Researchers at the National Institutes of Health (NIH), as part of a proof-of-concept study, have developed an artificial intelligence (AI) tool that detects cancer using routine clinical data.

The AI-based simple blood test is designed to predict how a patient’s cancer will respond to immune checkpoint inhibitors, a type of drugs that help immune cells kill cancer cells.

Its machine-learning model helps doctors determine whether immunotherapy drugs can be effective for the treatment of a patient’s disease.

The study, recently published in Nature Cancer, was led by researchers at the National Cancer Institute’s (NCI) Center for Cancer Research and Memorial Sloan Kettering Cancer Center in New York.

NCI is a part of NIH that leads the National Cancer Program and NIH’s efforts to dramatically reduce the prevalence of cancer and improve the lives of people with cancer.

Currently, two predictive biomarkers have been approved by the US Food and Drug Administration (FDA) to identify patients who may be eligible for immune checkpoint inhibitors.

The first predictive biomarker is tumour mutational burden, which is defined as the number of mutations in the DNA of cancer cells.

The second one is Programmed death-ligand 1 (PD-L1), which is a tumour cell protein that limits the immune response and works as a target for some immune checkpoint inhibitors.

However, the biomarkers may not always precisely predict the immune response.

The NIH study deployed a new type of machine-learning model that makes predictions based on five clinical features that are routinely collected from patients.

Its five features include the patient’s age, cancer type, history of systemic therapy, blood albumin level, and blood neutrophil-to-lymphocyte ratio, a marker of inflammation.

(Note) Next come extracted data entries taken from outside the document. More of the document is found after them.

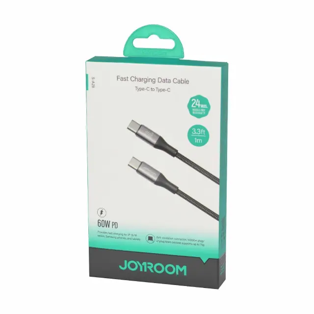 Paket vsebuje: Joyroom kabel USB C-C 1m 60W črn pleten S-A28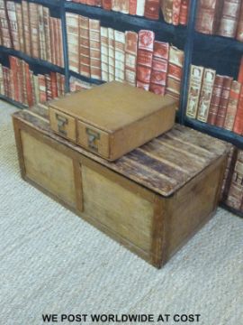 A pine storage box together with an oak filing box with two drawers (H32 x W78 x D40cm)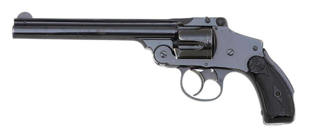 serial #133453, 38 S&W, scarce 6'' barrel with a bright good bore showing pitting throughout with strong rifling. This Fourth Model retains perhaps 90% original blue, showing scattered dings and handling marks, high-edge silvering, and an area of old cleaned pitting on the left side of the barrel and the crest of the barrel rib having toned to gunmetal and the cylinder and grip strap toning largely to brown. The trigger and rear sight latch have toned to a smoky gunmetal and the triggerguard and cylinder both retain generous original finish in the protected areas. The checkered hard rubber grips rate near-excellent, with the left panel showing little wear to speak of and the right with scattered handling wear and a small chip missing near the heel. Timing and lockup appear sound, the ejector functions robustly with strong spring and snap, and the grip safety appears to function as it should. (26A10826-612) {C&R} [Dr. W. Lloyd Hudson Jr. Collection] (700/900)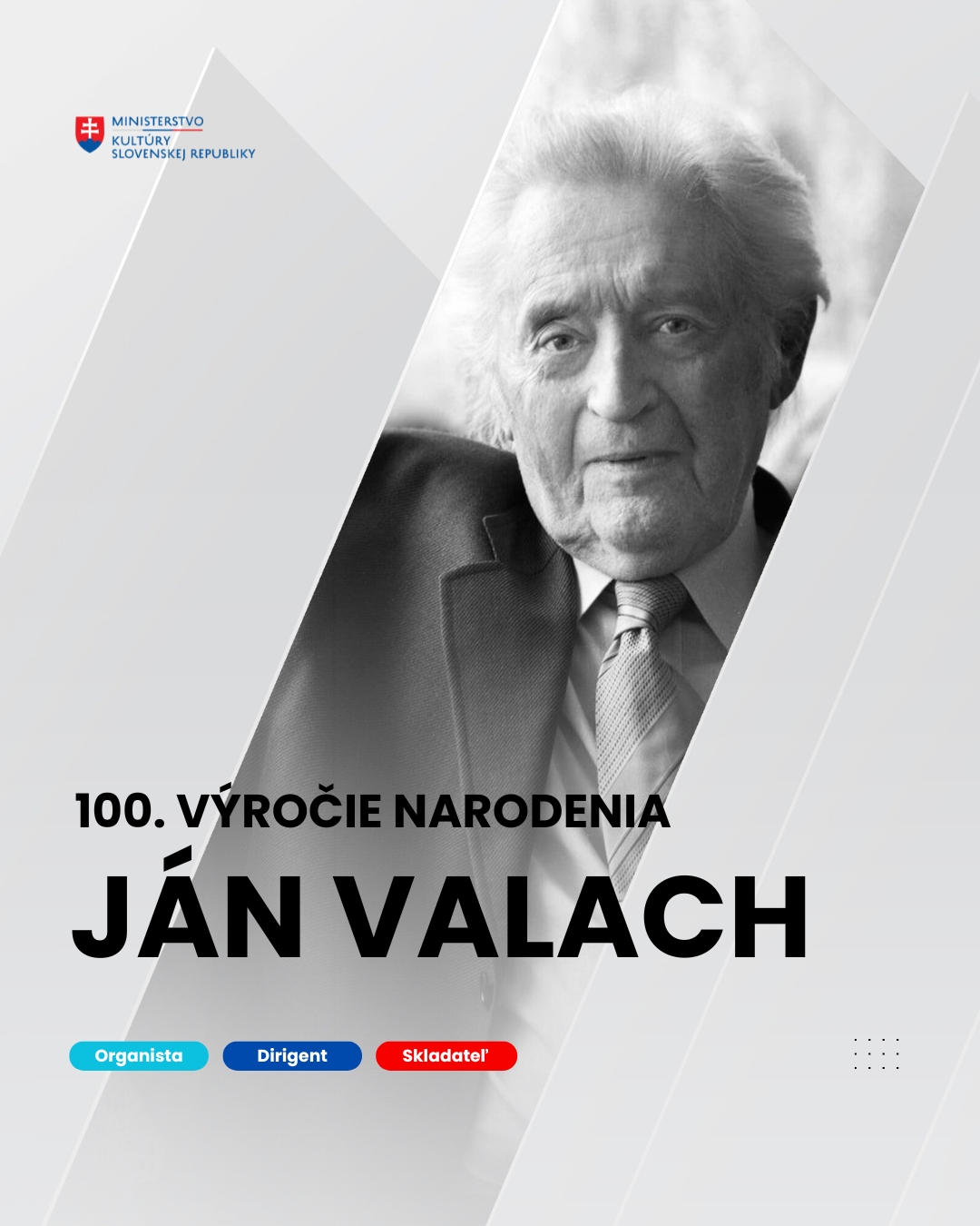 Ministerstvo kultúry Slovenskej republiky si pripomína 100 rokov od narodenia Jána Valacha (*22. septembra 1925, Hnúšťa – †20. novembra 2019, Antverpy), významného slovenského organistu, dirigenta, skladateľa a pedagóga. Po štúdiách na Štátnom...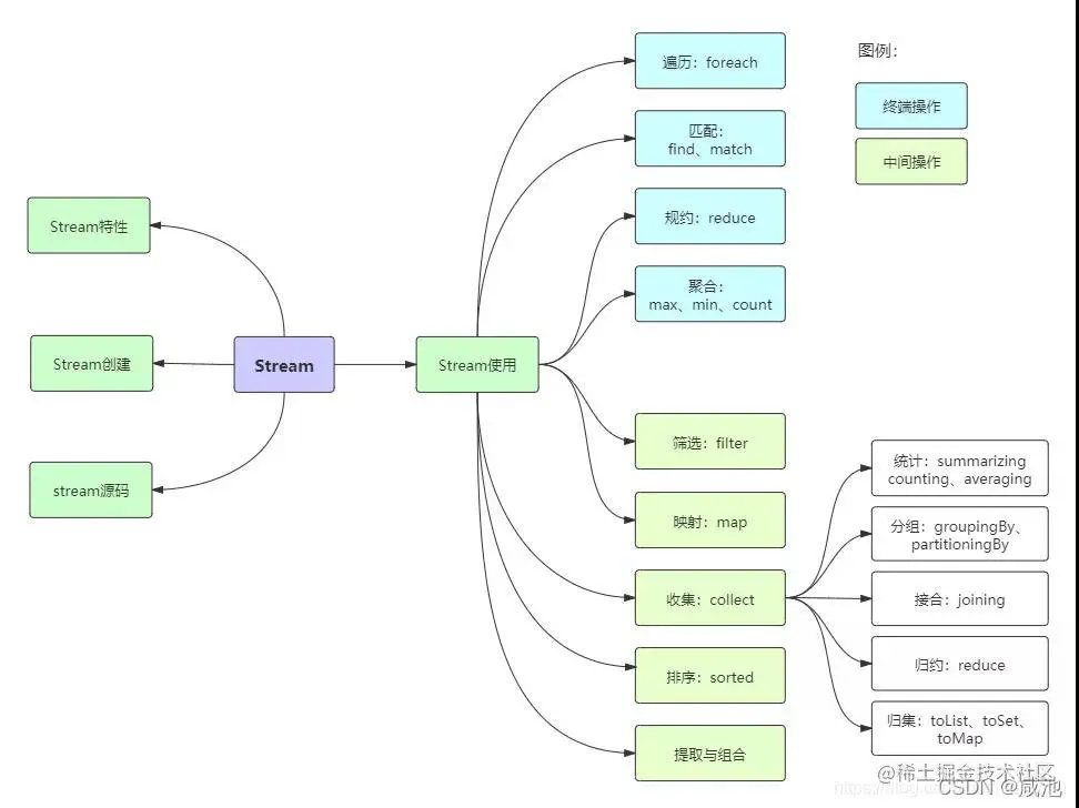 终端操作,每个流只能进行一次终端操作,终端操作结束后流无法再次使用。终端操作会产生一个新的集合或值。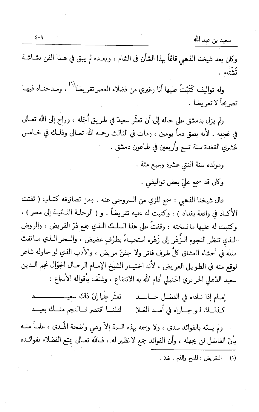 قال شيخنا الذهبي: سمع المزي من السروجي عنه. ومن تصانيفه كتاب تفتت الأكباد في واقعة بغداد، وكتبت له عليه تقريضاً. والرحلة الثانية إلى مصر، وكتبت له عليها ما نسخته: وقفت على هذا السلك الذي جمع در القريض، والروض الذي تنظر النجوم الزهر إلى زهره استحياءً بطرف غضيض، والسحر الذي ما نفث مثله في أحشاء العشاق كل طرف فاتر ولا جفن مريض، والأدب الذي لو حاوله شاعر لوقع منه في الطويل العريض، لأنه اختيار الشيخ الإمام الرحال الجوال نجم الدين سعيد الدهلي الحريري الحنبلي أدام الله به الانتفاع، وشنف بأقواله الأسماع: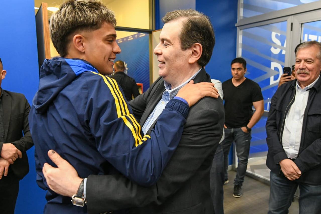 El mandatario estuvo acompañado en esta oportunidad por el jefe de Gabinete de Ministros, Elías Suárez, quien también felicitó al joven jugador santiagueño por su gran momento en uno de los equipos más importantes del país.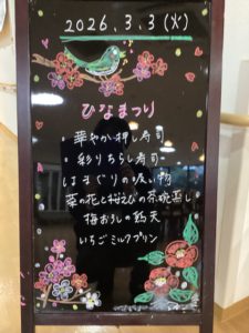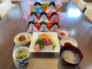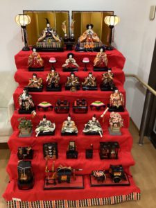 施設の玄関前には今年も堂々、7段飾りの雛人形が飾られました。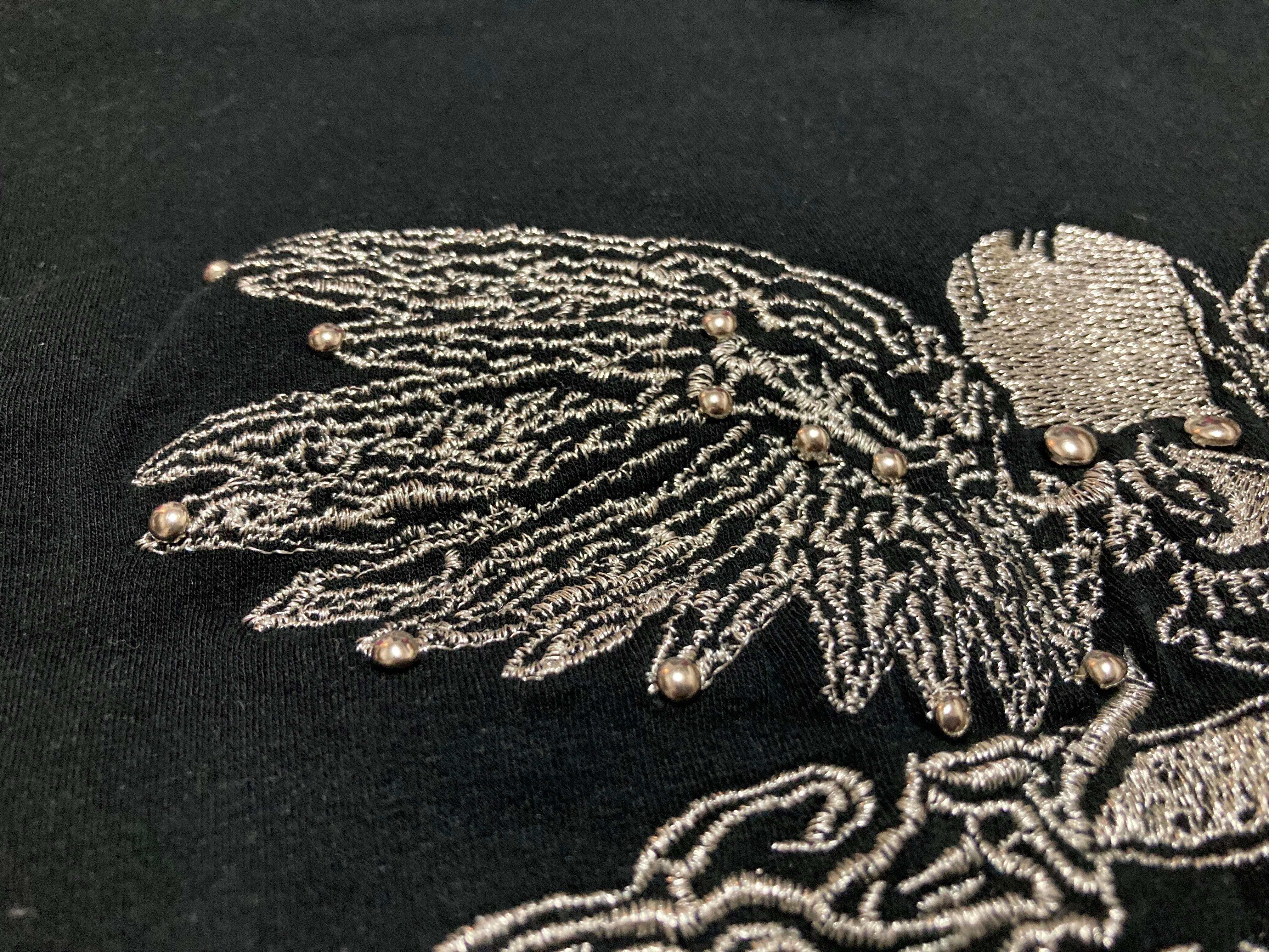 "ラストヴィシャス" ウィング スカル刺繍 丸スタッズライン バッククロスチャームチェーンタイトフィットトップス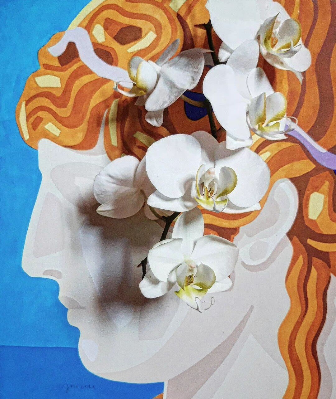🪷 #Antinous #Mondragone with #Phalaenopsis #orchids. Acrylic on canvas 45x35 cm by Tuscany-based artist Andrea Mattiello via Instagram: https://instagram.com/mattielloandrea. More: https://andreamattiello.blogspot.com/ 🪷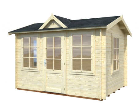 The Portland is a traditional design Log Cabin with cylinder locking single door and top hung opening widows to front and sides, all featuring real 4mm glass. The walls are 28mm tongue and groove construction and 19mm tongue and groove floor and roof with the option of felt or shingles covering. The door has a low threshold door sill with stainless steel protective capping and laminated frame. The height of this cabin is under 2.5m. The cabin is supplied unfinished and can be stained or painted in any colour to suit. It has a manufacturer’s 5-year guarantee. The Brookhaven is a traditional design Log Cabin with cylinder locking double door and surrounding windows, all featuring real 4mm glass. The walls are 34mm tongue and groove construction and 19mm tongue and groove floor and roof with the option of felt or shingles covering. The double doorway has a low threshold door sill with stainless steel protective capping and laminated frame. The cabin is supplied unfinished and can be stained or painted in any colour to suit. It has a manufacturer’s 5-year guarantee.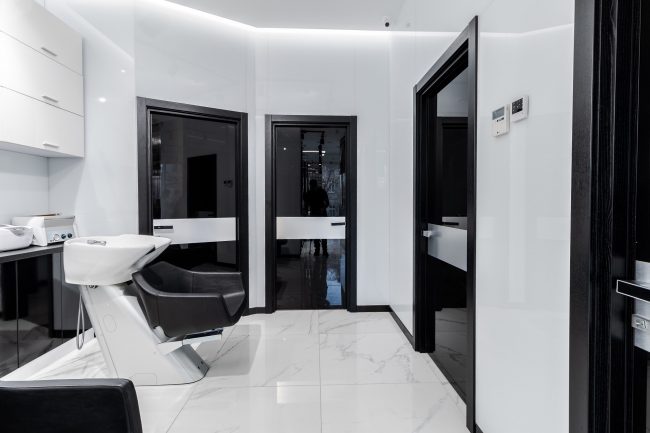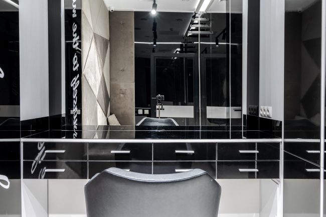 There is a separate room for those wishing to change their hair color, equipped with modern sinks. It maintains a strictly minimalist design in black and white. All doors share an identical design. The balance of black and white is achieved in the furniture set, consisting of black cabinets and white hanging shelves.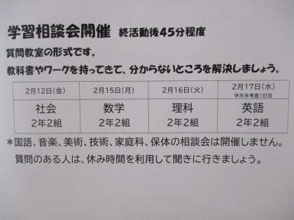 10日(水)に学年末考査の範囲発表を行いました。範囲表を見て、計画・実践表を作成し、2年生最後の定期テストに向けて取り組んでいます。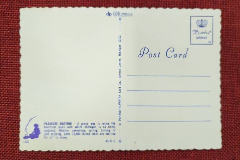 This vintage postcard shows a beautiful view over the lake in Michigan. It was produced by Penrod/Hiawatha and credits the photo to John Penrod. It was never sent and is in great condition.

The model also considers tumour mutational burden, assessed through sequencing panels.

In the study, the model was built and evaluated using data from multiple data sets that included 2,881 patients treated with immune checkpoint inhibitors across 18 solid tumour types.

The model accurately predicted a patient’s chances of responding to an immune checkpoint inhibitor and how long they would live, both overall and before the disease returned.

NIH researchers said that the machine learning model also identified patients with low tumour mutational burden who could still be treated effectively with immunotherapy.